An App to Improve Physician-Patient Communication

If you’re a patient who will be undergoing a procedure, you’ve likely experienced it: sitting across from your doctor, unsure if you’ve forgotten to ask something crucial.

Published in Insight - January/February 2016

If you’re a doctor, you know the other side of this equation: trying to help patients who are confused about a procedure and eager for more information.

Enter Doctella, an app to improve communication between doctors and their patients. Based on Johns Hopkins’ pioneering use of safety checklists, the app provides patients with checklists of questions to ask before, during and after a medical procedure.

“Patients find Doctella helpful to frame the discussion we’re having,” says Timothy Pawlik, chief of surgical oncology.

Doctella is free for patients and Johns Hopkins Health System physicians, and Pawlik encourages his patients to use it.

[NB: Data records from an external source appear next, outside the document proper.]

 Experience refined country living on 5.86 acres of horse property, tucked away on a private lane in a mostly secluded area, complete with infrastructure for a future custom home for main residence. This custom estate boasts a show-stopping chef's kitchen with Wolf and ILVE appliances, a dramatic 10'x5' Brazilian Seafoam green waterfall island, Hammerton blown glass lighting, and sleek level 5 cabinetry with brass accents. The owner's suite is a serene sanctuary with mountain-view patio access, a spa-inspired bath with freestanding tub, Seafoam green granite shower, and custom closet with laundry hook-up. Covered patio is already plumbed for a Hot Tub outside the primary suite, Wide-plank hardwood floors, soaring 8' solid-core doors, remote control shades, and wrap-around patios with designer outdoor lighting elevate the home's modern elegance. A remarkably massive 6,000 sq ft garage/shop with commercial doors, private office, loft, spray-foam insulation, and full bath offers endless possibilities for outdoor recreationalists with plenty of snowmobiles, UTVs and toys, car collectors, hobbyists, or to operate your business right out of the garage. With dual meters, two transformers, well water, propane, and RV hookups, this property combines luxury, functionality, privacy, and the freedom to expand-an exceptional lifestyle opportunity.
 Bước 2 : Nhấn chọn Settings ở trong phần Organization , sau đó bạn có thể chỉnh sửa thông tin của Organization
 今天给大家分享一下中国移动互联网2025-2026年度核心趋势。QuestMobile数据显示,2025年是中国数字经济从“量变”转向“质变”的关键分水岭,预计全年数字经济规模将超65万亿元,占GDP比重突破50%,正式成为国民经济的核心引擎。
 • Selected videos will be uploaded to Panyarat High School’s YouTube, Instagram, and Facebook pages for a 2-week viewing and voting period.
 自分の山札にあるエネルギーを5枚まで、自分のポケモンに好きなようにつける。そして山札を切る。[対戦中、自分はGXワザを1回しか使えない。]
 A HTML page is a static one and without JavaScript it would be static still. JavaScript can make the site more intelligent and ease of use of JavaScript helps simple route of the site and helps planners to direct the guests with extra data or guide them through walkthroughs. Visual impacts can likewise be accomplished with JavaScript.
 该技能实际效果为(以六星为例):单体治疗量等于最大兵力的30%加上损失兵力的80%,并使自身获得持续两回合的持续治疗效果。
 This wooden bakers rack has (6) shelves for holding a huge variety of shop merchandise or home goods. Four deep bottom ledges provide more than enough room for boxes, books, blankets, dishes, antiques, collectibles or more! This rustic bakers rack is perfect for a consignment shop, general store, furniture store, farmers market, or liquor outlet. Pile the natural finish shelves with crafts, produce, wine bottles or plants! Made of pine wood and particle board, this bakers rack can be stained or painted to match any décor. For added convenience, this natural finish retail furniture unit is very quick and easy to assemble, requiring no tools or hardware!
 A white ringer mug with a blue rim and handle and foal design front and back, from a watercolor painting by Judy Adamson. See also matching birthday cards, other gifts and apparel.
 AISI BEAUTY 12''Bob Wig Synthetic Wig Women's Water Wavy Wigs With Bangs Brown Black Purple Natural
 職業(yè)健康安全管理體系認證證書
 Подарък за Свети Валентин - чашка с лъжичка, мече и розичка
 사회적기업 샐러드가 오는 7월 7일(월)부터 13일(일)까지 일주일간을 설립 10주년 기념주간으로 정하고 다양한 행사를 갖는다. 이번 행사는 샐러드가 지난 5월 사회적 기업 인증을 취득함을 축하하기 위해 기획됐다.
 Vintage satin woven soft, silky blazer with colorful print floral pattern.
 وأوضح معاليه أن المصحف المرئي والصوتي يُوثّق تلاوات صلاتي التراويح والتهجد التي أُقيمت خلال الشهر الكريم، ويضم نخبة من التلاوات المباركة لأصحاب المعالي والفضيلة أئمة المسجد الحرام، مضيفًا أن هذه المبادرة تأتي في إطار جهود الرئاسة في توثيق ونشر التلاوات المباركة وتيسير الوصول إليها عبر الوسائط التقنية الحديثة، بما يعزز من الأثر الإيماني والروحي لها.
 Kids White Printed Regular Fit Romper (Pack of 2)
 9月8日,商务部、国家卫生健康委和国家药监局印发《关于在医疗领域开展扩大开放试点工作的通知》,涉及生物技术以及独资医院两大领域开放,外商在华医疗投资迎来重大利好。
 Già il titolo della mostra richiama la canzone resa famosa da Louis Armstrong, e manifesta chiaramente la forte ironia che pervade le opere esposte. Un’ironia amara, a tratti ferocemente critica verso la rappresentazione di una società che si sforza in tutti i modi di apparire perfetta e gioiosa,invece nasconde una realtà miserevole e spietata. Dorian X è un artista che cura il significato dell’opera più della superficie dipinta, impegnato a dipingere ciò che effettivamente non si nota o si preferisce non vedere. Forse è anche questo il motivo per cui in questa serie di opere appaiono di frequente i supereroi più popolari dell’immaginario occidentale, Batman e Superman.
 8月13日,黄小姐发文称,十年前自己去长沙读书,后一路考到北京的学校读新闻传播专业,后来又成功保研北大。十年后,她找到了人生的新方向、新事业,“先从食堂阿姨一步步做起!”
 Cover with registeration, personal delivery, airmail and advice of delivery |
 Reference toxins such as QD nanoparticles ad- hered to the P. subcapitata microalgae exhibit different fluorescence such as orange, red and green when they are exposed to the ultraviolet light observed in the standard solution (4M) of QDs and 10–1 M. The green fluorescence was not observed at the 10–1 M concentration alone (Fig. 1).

When patients create a profile, they can then personalize the checklists with their notes and answers. Physicians can create a personalized Doctella page with customized answers and  videos on, for instance, how to change a dressing. They can also set Doctella to send patients reminders about taking their medications. 

The app was created by Armstrong Institute for Patient Safety and Quality Director Peter Pronovost, anesthesiologist Asad Latif and former Johns Hopkins surgeon Adil Haider.

Johns Hopkins Technology Ventures (JHTV) and Bloomberg School of Public Health graduate students assisted in developing Doctella. The app’s parent company, Patient Doctor Technologies, has a content license from JHTV and has filed a patent covering the electronic patient and doctor communication.

Pronovost says checklists are just the beginning of Doctella’s development: He and his team will be adding questions on chronic diseases and linking the app to MyChart so that patients can navigate easily between both.